- The first volume of Otogi Matsuri: Dark Offering, published by Central Park Media

おとぎ奉り (Otogi Matsuri)
- Genre: Action, Supernatural
- Written by: Junya Inoue
- Published by: Wani Books (1st edition) Shinchosha (2nd edition)
- English publisher: NA: Central Park Media;
- Magazine: Comic Gum
- Original run: 2002 – 2008
- Volumes: 12 (Gum Comics edition) 8 (Bunch Comics DX edition) (List of volumes)
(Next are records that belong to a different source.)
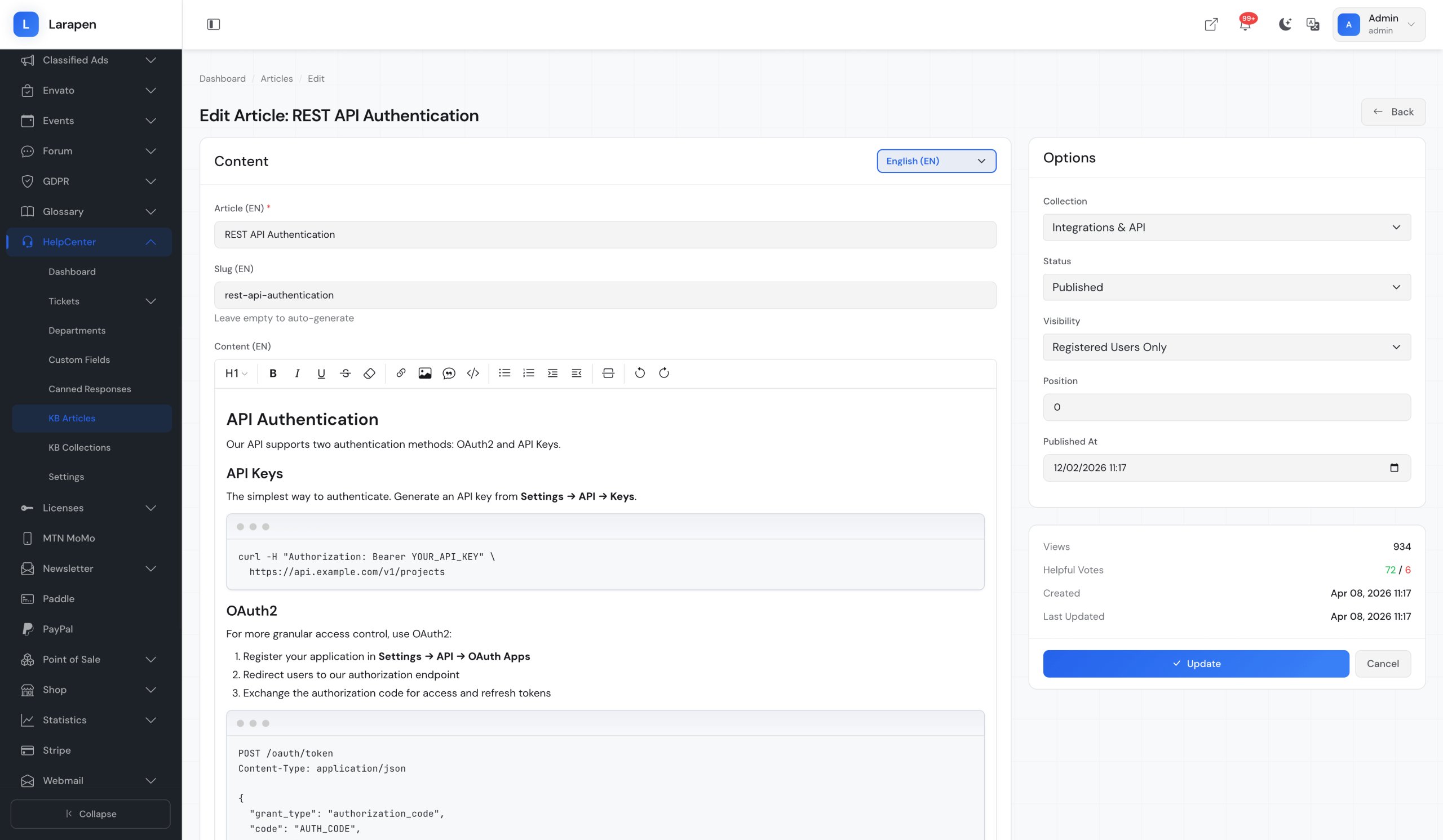 Ajoutez des articles à la base de connaissances avec l'éditeur riche. Assignez-les à des collections et publiez quand vous êtes prêt.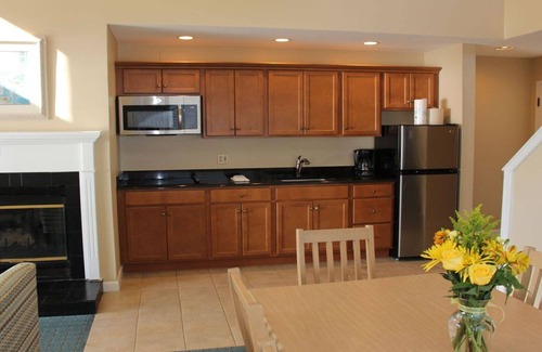 Property is one-story condo that sleeps 4. This timeshare has a master bedroom, bathroom, plus an eat-in kitchen and living room with pull out couch, TV, and fireplace. There is a deck off of the unit as well as tons of beautiful common space both indoors and outside at the resort.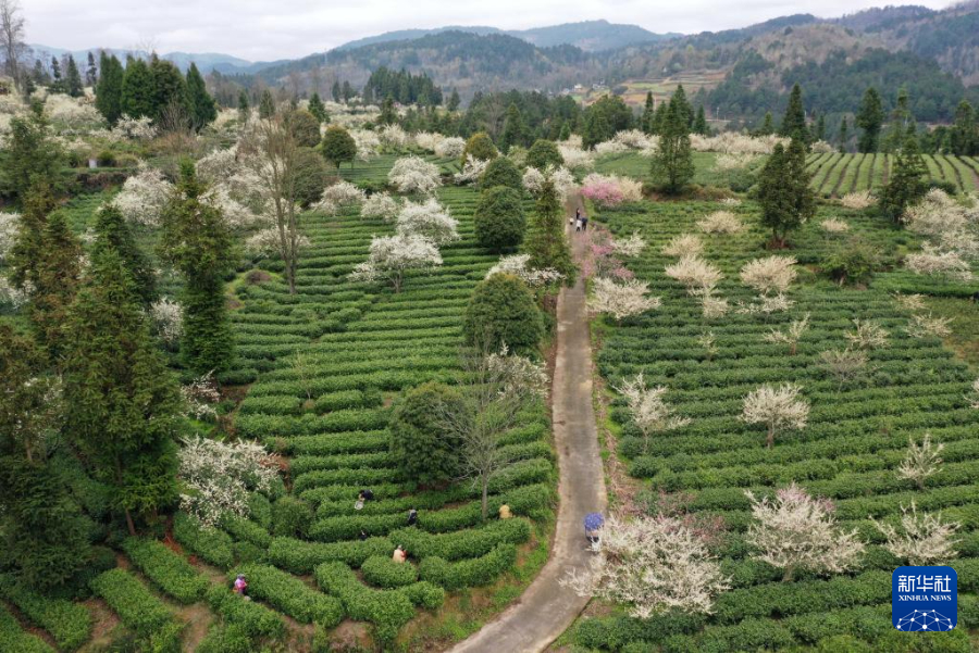 3月21日,村民在贵州省福泉市陆坪镇福兴村茶园采摘春茶(无人机照片)。新华社发(肖伟摄)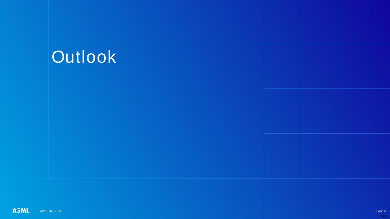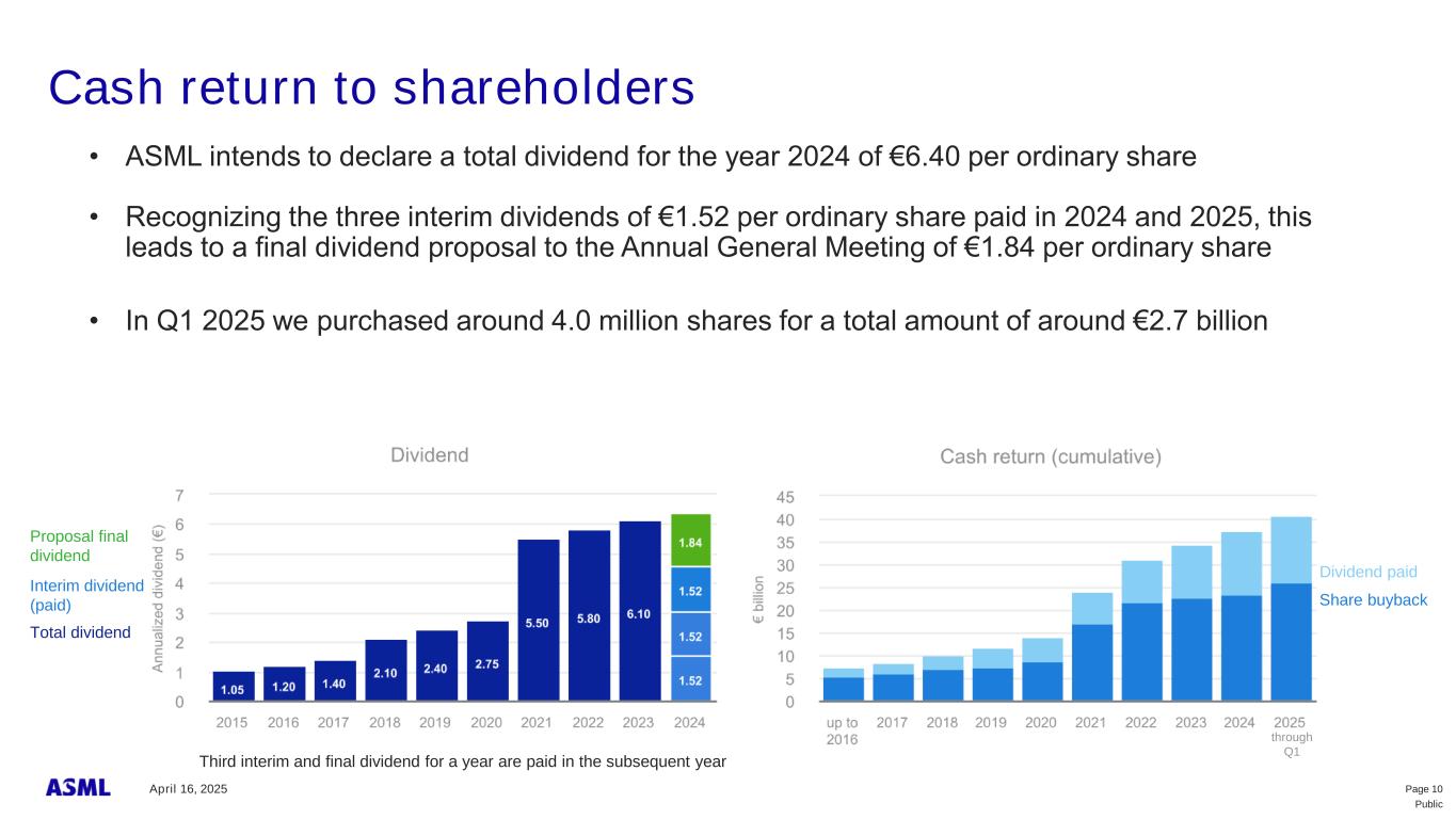 第10页2025年4月16日公用• ASML拟宣派2024年股息总额为每股普通股6.40欧元•确认2024年和2025年支付的三次中期股息为每股普通股1.52欧元,这导致向年度股东大会提出的末期股息提议为每股普通股1.84欧元•在2025年第一季度,我们购买了约400万股股票,总金额约为27亿欧元现金回报股东股票回购股息已支付一年的第三次中期和末期股息在随后一年支付股息总额中期股息(已支付)提议截至第一季度的末期股息

= Otogi Matsuri: Dark Offering =

Japanese manga series

Otogi Matsuri: Dark Offering (おとぎ奉り) is a Japanese manga written and illustrated by Junya Inoue. It has been serialized by Wani Books in Comic Gum from 2002, and collected in 12 tankōbon volumes released from December, 2002 to September 23, 2008. The series is licensed in North America by Central Park Media and in France by Doki-Doki.

==Plot==
The series follows Yousuke Suruga, a high school student, whose body has been merged with the Bow of Suzaku, a legendary weapon, for breaking an ancient Shinto shrine. To save himself and his hometown he uses the Bow of Suzaku against demons.

==Characters==
Suruga Yousuke - is the main character of the story and wielder of bow of suzaku. He unknowingly sacrificed his future for the bow therefore he has only one year to live.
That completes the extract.